Bush was anxious to make the new association different from other music societies,
bringing music out of the concert hall and making it more relevant to the lives of working
people. The WMA sought to bring existing workers’ music organisations into closer
touch with one another and aimed to include professional musicians to provide skilled
assistance to its amateur members. Courses in conducting and composition were
established, under Rutland Boughton and Alan Bush; the WMA started publishing new
songs for Labour choirs to sing, all within the first year of its existence. In 1939 an office
was opened in Southampton Row, and later at 9 Great Newport Street, with Will
Sahnow as Organising Secretary. Bush and Sahnow travelled across the country to get
support mainly from regional Co-operative conferences and expand the organisation
nationally. Incorporation as a limited company came in 1944.

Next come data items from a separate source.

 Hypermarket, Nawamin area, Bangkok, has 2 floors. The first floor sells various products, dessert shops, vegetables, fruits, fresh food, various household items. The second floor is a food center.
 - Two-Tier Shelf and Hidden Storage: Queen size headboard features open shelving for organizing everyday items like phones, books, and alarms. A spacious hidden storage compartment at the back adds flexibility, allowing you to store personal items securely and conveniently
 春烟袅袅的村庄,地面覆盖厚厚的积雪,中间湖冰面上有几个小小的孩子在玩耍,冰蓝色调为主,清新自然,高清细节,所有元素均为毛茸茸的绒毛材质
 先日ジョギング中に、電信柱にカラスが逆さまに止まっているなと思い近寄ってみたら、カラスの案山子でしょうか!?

1 Much of the information included here is taken from a draft document (author unknown) “How it all began”,
which is held in the Workers’ Music Association section of the Political Song Collection
https://politicalsong.arts.gla.ac.uk/digital.php?ref=PSC/1/2/1/16. , and from consultation of M. Kiladi’s PhD
Thesis (London, 2016) “The London Labour Choral Union 1924-1940: a musical institution of the left” .

Publications

Topic Records, which covered recordings of popular workers’ songs and introduced
works by Soviet composers, were launched in 1939, and 1940 saw the start of
publications such as the ‘Keynote’ booklets. Other examples are “The Pioneer
Songbook” , containing people’s songs from many lands, which was commissioned by
the Watford Co-operative Society, “Shuttle and Cage” (industrial ballads), and A.L.
Lloyd’s “The Singing Englishman”. A booklet entitled “A policy for music in Post-War
Britain” was produced in 1945, in which local authorities took much interest.

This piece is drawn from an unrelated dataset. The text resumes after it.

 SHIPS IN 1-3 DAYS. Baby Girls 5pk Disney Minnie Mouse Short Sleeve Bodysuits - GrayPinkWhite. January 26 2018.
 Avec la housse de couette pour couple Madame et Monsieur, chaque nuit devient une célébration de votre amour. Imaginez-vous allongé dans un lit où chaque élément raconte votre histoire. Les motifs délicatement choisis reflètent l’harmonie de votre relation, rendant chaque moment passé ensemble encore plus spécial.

2. The Workers’ Music Association was central to the organization of many concerts
during the 1940s, based on ‘common purpose in national life’ 3 . Orchestras and choirs
were drawn from across the country and speakers invited from here and abroad;
Conductors such as Sir Malcolm Sargent, Albert Coates and Anatol Fistoulari took part
in some of these. There was a constant focus on forging links with war-time allies and
providing aid.

WMA Singers were formed in 1942, as an outcome of a “Conference of Choirs”. They
were conducted first by Arnold Goldsborough, and then by Alan Bush and David
Ellenberg. This body of singers took ‘songs of social significance’ all over the country
and British music to other countries. Notably, in 1947 they sang at war-torn Lidice in
Czechoslovakia, performing a work specially written by Alan Bush.


Summer Schools: the WMA’s commitment to music education led to annual Summer
Schools being held, at first in various locations, but in 1954 finding a home at Wortley
Hall near Sheffield, where it remained until 2007. Courses include wind, brass and
string ensembles, choir and solo singing, opera, folk music, conducting and
composition. The venue has now changed, but the Summer School still flourishes.


Currently: the WMA maintains contact and support for the Trades Unions and draws
much of its support from trade union members. Its activities may have slimmed down
since the early days, but its aims are fundamentally to maintain music education for
working people.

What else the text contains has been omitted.